To further study the effects of UNBS5162 on cell apoptosis, western blot assays were also performed. The expression of BCL-2, an anti-apoptosis protein, was decreased (Fig. 3). Meanwhile, the expression levels of pro-apoptosis proteins BAX and active caspase-3 were increased remarkably (Fig. 3).

All these results indicated UNBS5162 could effectively induce the apoptosis of MDA-MB-231 cells.

To address whether UNBS5162 affects cell invasion and migration, we subsequently conducted transwell assays as described in the Methods section. In these assays, the cells were pretreated with UNBS5162 and DMSO respectively for 24 h. According to the results of CCK-8 proliferation assay, the viability of cells had no significant difference between UNBS5162 treated group and negative control group after treated with drugs for 24 h. Besides, cells added into the chamber are the same between UNBS5162 treated group and negative control group. Therefore, during the early stages of the transwell assays, the viability and numbers of cells in the upper side of the membrane in these two groups are similar. These preconditions can confirm the effectiveness and accuracy of the experimental results.

In the invasion assay, compared to the NC group, the number of the invading cells in the UNBS5162 treated group was decreased significantly (P<0.05; Fig. 4A and B).
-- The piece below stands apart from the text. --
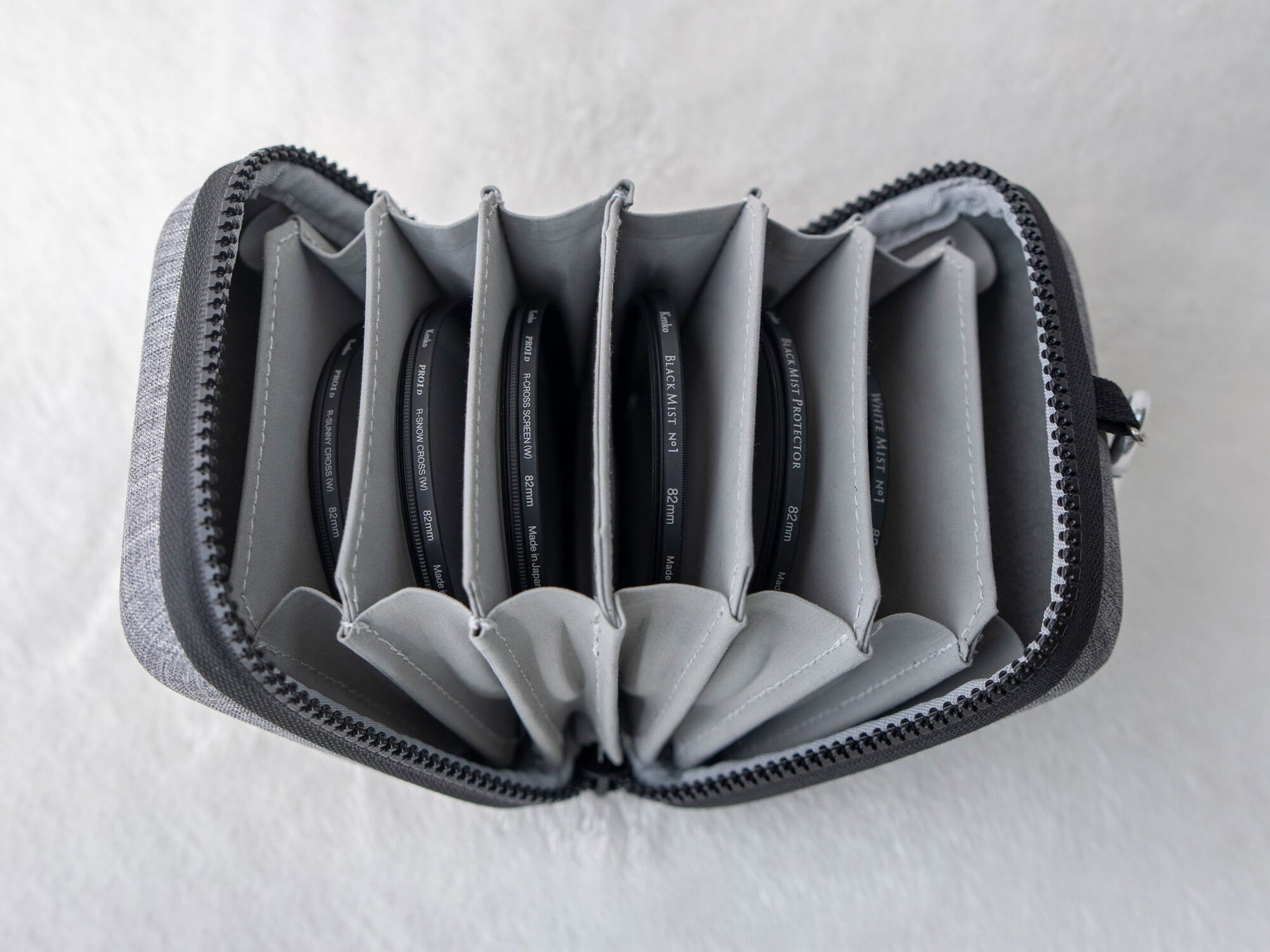 フィルター名を瞬時に視認できて、すぐに取り出せる蛇腹式を採用。82mm径フィルターが取り出しやすく、ケースを開いた時に落ちにくい、使いやすさにこだわった設計です。

In the migration assay, the number of crystal violet positive cells in the UNBS5162 treated group was less than that in the NC group (P<0.05; Fig. 4A and C). These results suggested that UNBS5162 could inhibit the migration and invasion of MDA-MB-231 cells effectively.

To understand how UNBS5162 affects the viability of MDA-MB-231 cells, western blotting was applied to detect the protein expression of components in the PAM pathway, which plays a critical role in cellular growth and apoptosis (27). The expression of some key proteins in the PAM pathway was detected, including AKT, phosphorylated-AKT (p-AKT), mTOR, phosphorylated-mTOR (p-mTOR), p-P70S6K and P-4EBP1. As shown in Fig. 5, the levels of p-AKT and p-mTOR were decreased significantly compared with the NC group. The phosphorylation levels of P70S6K and 4EBP1, as downstream targets of mTOR, were also decreased after treatment with UNBS5162. According to these experimental data, UNBS5162 might inhibit the viability of MDA-MB-231 cells via the PAM pathway.